### [WORK TASK]
Write out again, unchanged, the line that has "En segundo lugar, conectar" and each following line through the end of the entries below; leave pictures out.

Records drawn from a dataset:

________________________

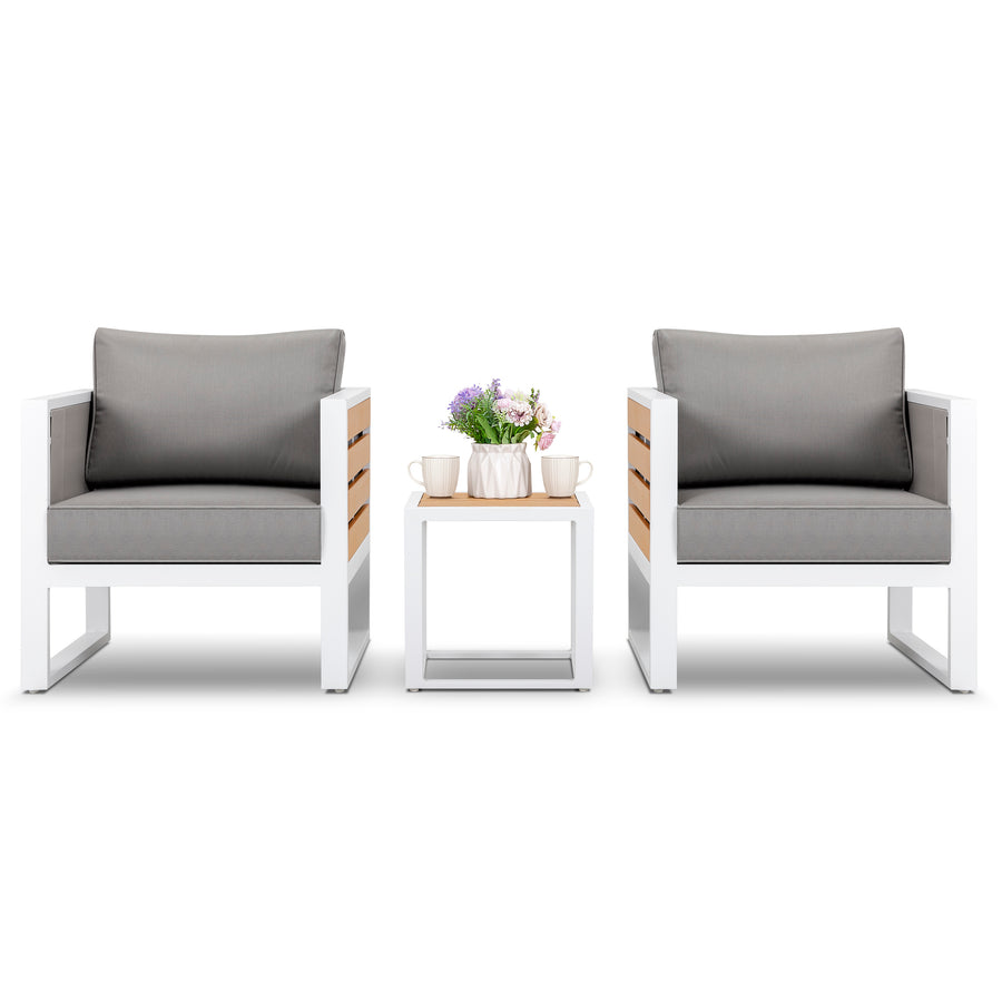 Outdoor Sofa Set, Side Table, 2 Armchairs, Cushions, Aluminum, Imitation Wood
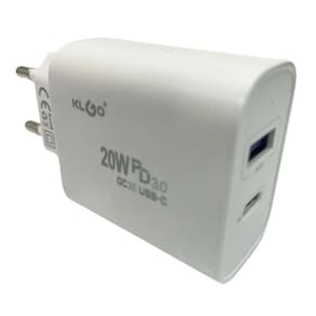 Carregador Turbo Power 20W KLGO PD-300 com duas saídas USB-A e USB-C, chip inteligente que adapta a potência de carregamento, design compacto e portátil, plug padrão europeu (EU).
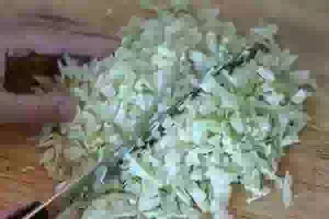 6. Пока подходит тесто, приготовить начинку. Лук мелко порубить. Капусту нашинковать или порезать шашечками, как вам больше нравится.
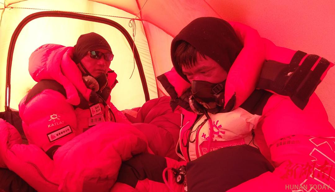 5月19日,范江涛和谢如祥在C4营地。图片来源/新湖南客户端
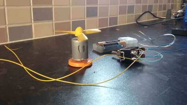 En segundo lugar, conectar los otros dos cables que vienen de las dos medias piernas al motor. Otra vez no importa la polaridad.
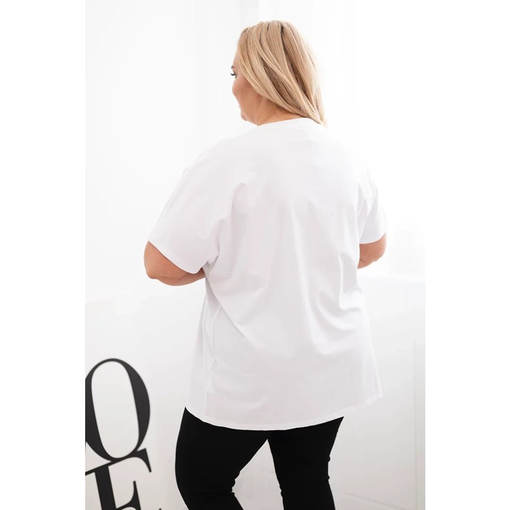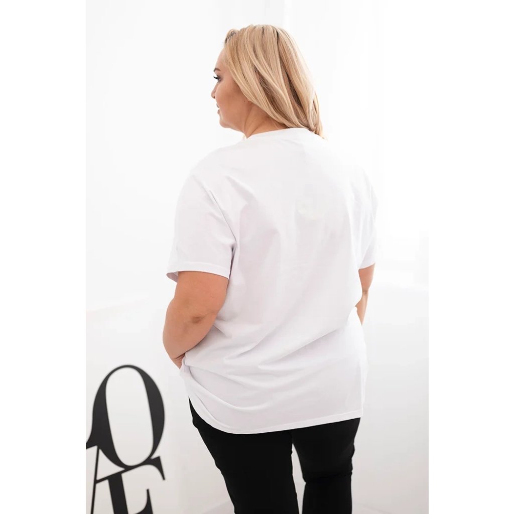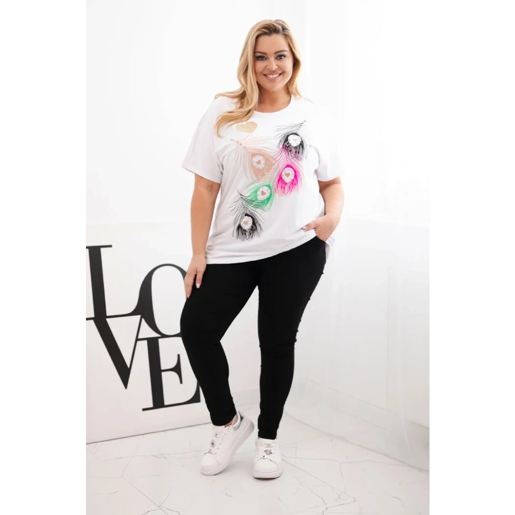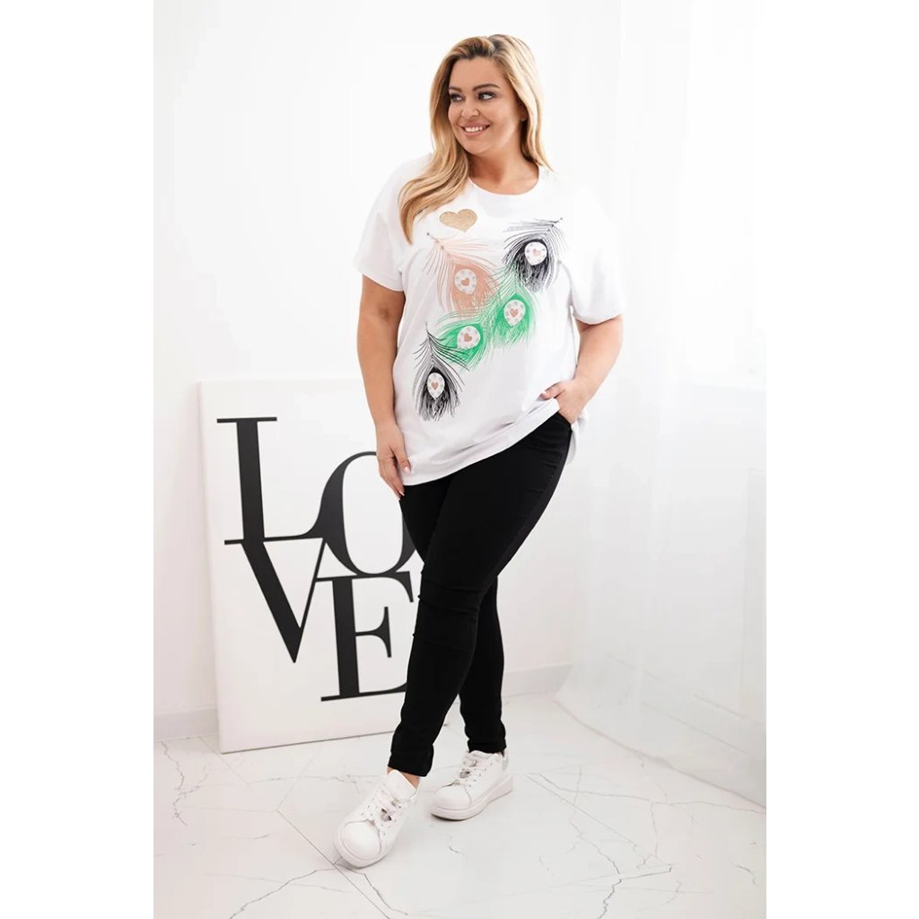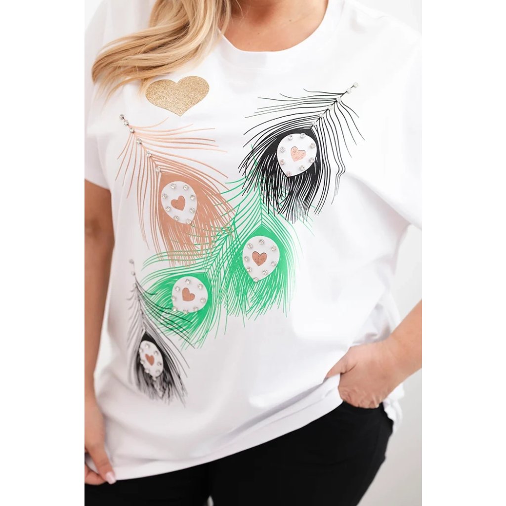 Dámská halenka s krátkým rukávem a ozdobným motivem peří je ideální volbou pro každé roční období. Její volný střih zajišťuje pohodlné nošení a poutavý potisk s lesklými prvky dodává outfitu jedinečný charakter. Skvělá jak pro každodenní nošení, tak pro neformální příležitosti. Díky jemné bavlně s příměsí elastanu je materiál prodyšný a elastický, přizpůsobí se postavě bez nepříjemného tlaku. Dekorativní peří a třpytivá srdíčka jí dodávají ženský půvab, který jistě upoutá pozornost.
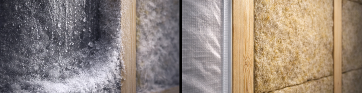 - Слишком плотный материал – каменная вата высокой плотности (≥ 50 кг/м³) в 100 мм не даёт нужного R‑значения, а лишь добавляет вес.
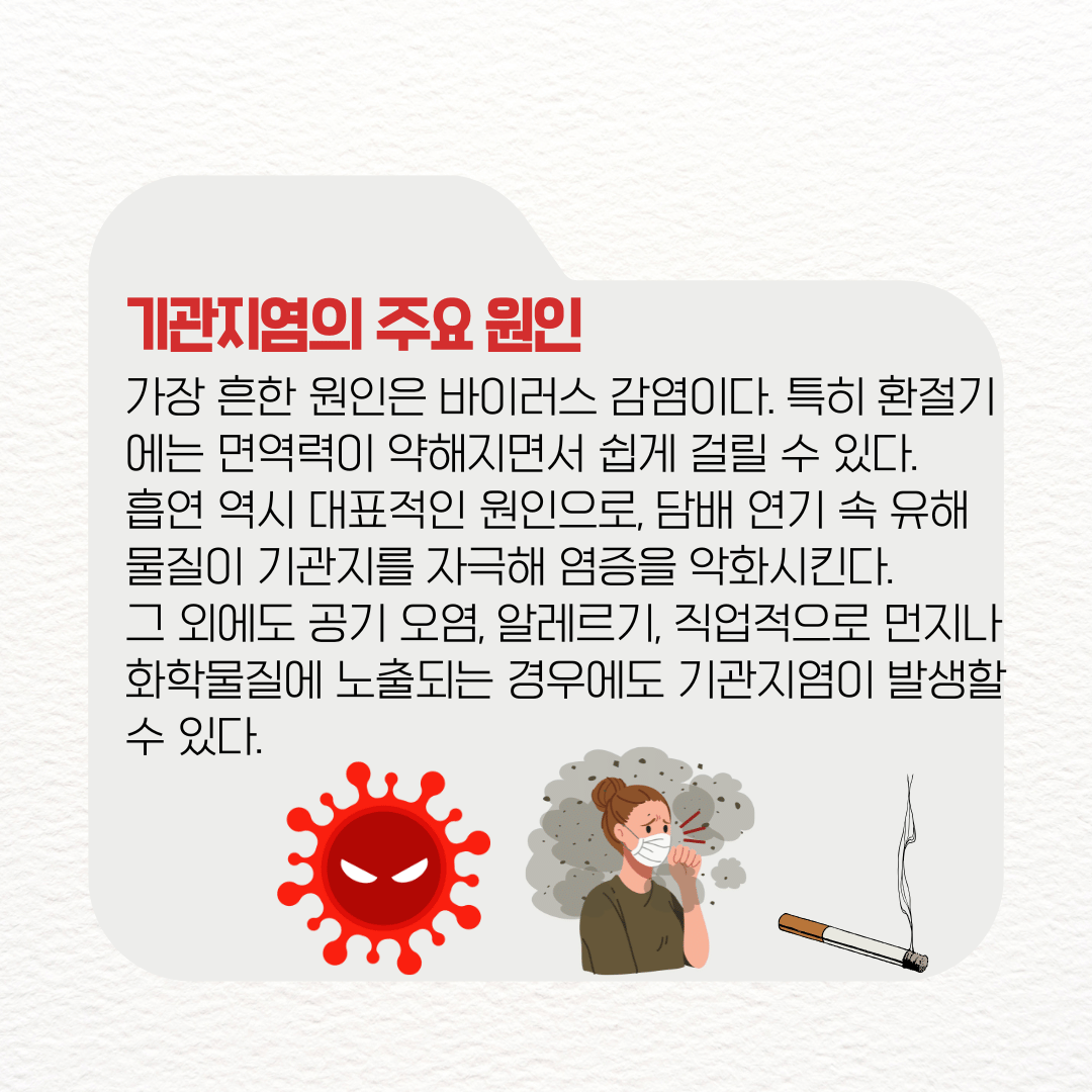흡연 역시 대표적인 원인으로, 담배 연기 속 유해 물질이 기관지를 자극해 염증을 악화시킨다. 그 외에도 공기 오염, 알레르기, 직업적으로 먼지나 화학물질에 노출되는 경우에도 기관지염이 발생할 수 있다.
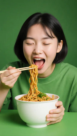Asian girl holding a bowl of noodles with chopsticks and eating it, isolated on white background

________________________

### [SOLUTION]
 En segundo lugar, conectar los otros dos cables que vienen de las dos medias piernas al motor. Otra vez no importa la polaridad.
 Dámská halenka s krátkým rukávem a ozdobným motivem peří je ideální volbou pro každé roční období. Její volný střih zajišťuje pohodlné nošení a poutavý potisk s lesklými prvky dodává outfitu jedinečný charakter. Skvělá jak pro každodenní nošení, tak pro neformální příležitosti. Díky jemné bavlně s příměsí elastanu je materiál prodyšný a elastický, přizpůsobí se postavě bez nepříjemného tlaku. Dekorativní peří a třpytivá srdíčka jí dodávají ženský půvab, který jistě upoutá pozornost.
 - Слишком плотный материал – каменная вата высокой плотности (≥ 50 кг/м³) в 100 мм не даёт нужного R‑значения, а лишь добавляет вес.
흡연 역시 대표적인 원인으로, 담배 연기 속 유해 물질이 기관지를 자극해 염증을 악화시킨다. 그 외에도 공기 오염, 알레르기, 직업적으로 먼지나 화학물질에 노출되는 경우에도 기관지염이 발생할 수 있다.
Asian girl holding a bowl of noodles with chopsticks and eating it, isolated on white background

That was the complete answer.